From the material below, copy exactly the lines beginning with the one that contains "Velma B. Woolworth" and ending with the one that contains "cost burden ."; the pictures stay out.

## Excerpted records
____________
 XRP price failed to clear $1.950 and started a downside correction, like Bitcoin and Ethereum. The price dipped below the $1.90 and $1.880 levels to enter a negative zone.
____________
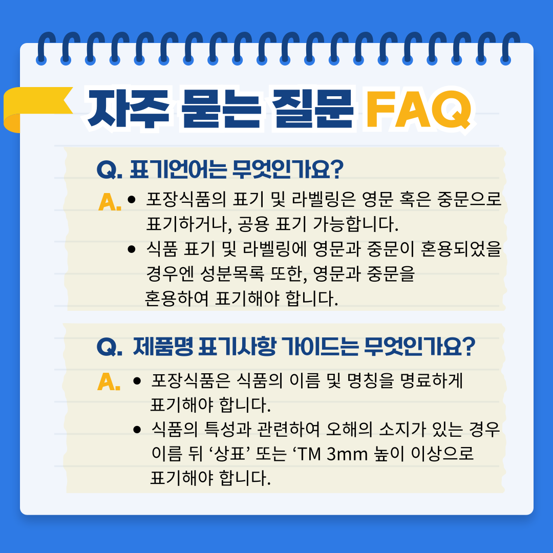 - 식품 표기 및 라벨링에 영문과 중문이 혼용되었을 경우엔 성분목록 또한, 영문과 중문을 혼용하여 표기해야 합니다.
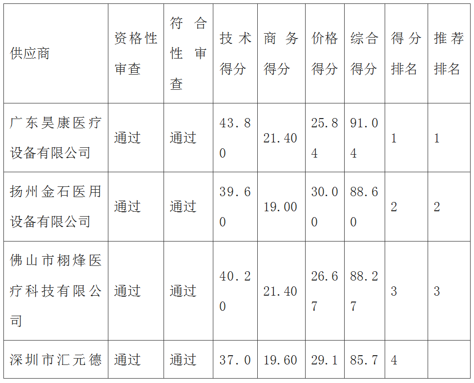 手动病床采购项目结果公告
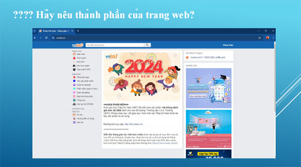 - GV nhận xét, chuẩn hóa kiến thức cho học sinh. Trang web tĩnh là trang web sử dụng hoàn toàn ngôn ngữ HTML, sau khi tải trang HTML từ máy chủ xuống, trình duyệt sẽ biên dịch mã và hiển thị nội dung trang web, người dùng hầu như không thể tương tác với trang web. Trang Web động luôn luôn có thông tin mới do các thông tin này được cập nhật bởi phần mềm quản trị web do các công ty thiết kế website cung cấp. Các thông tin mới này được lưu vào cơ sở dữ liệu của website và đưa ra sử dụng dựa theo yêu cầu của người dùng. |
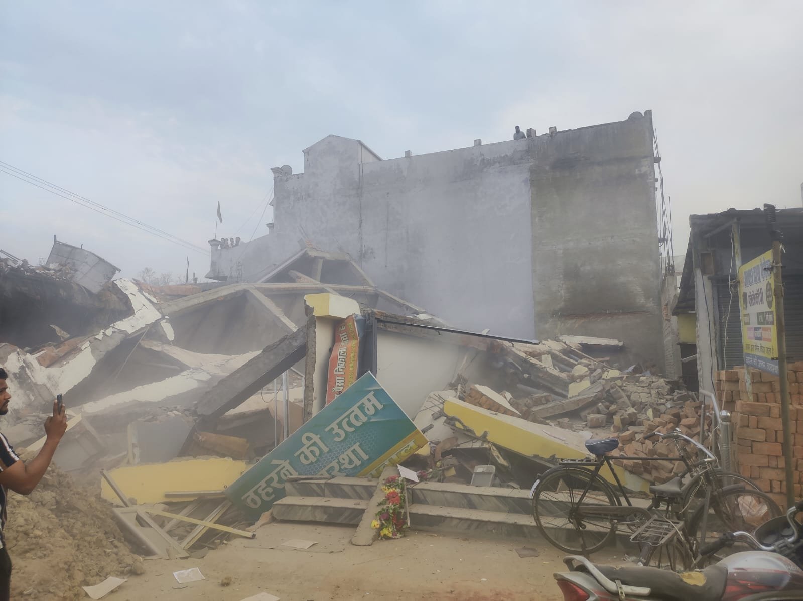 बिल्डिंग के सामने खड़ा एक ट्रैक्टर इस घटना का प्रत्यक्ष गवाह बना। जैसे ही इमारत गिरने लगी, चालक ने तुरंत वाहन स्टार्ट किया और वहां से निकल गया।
____________
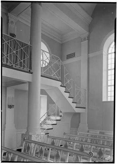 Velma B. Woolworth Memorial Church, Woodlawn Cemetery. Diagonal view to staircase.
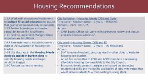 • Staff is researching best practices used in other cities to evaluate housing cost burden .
____________
## Written response
 Velma B. Woolworth Memorial Church, Woodlawn Cemetery. Diagonal view to staircase.
 • Staff is researching best practices used in other cities to evaluate housing cost burden .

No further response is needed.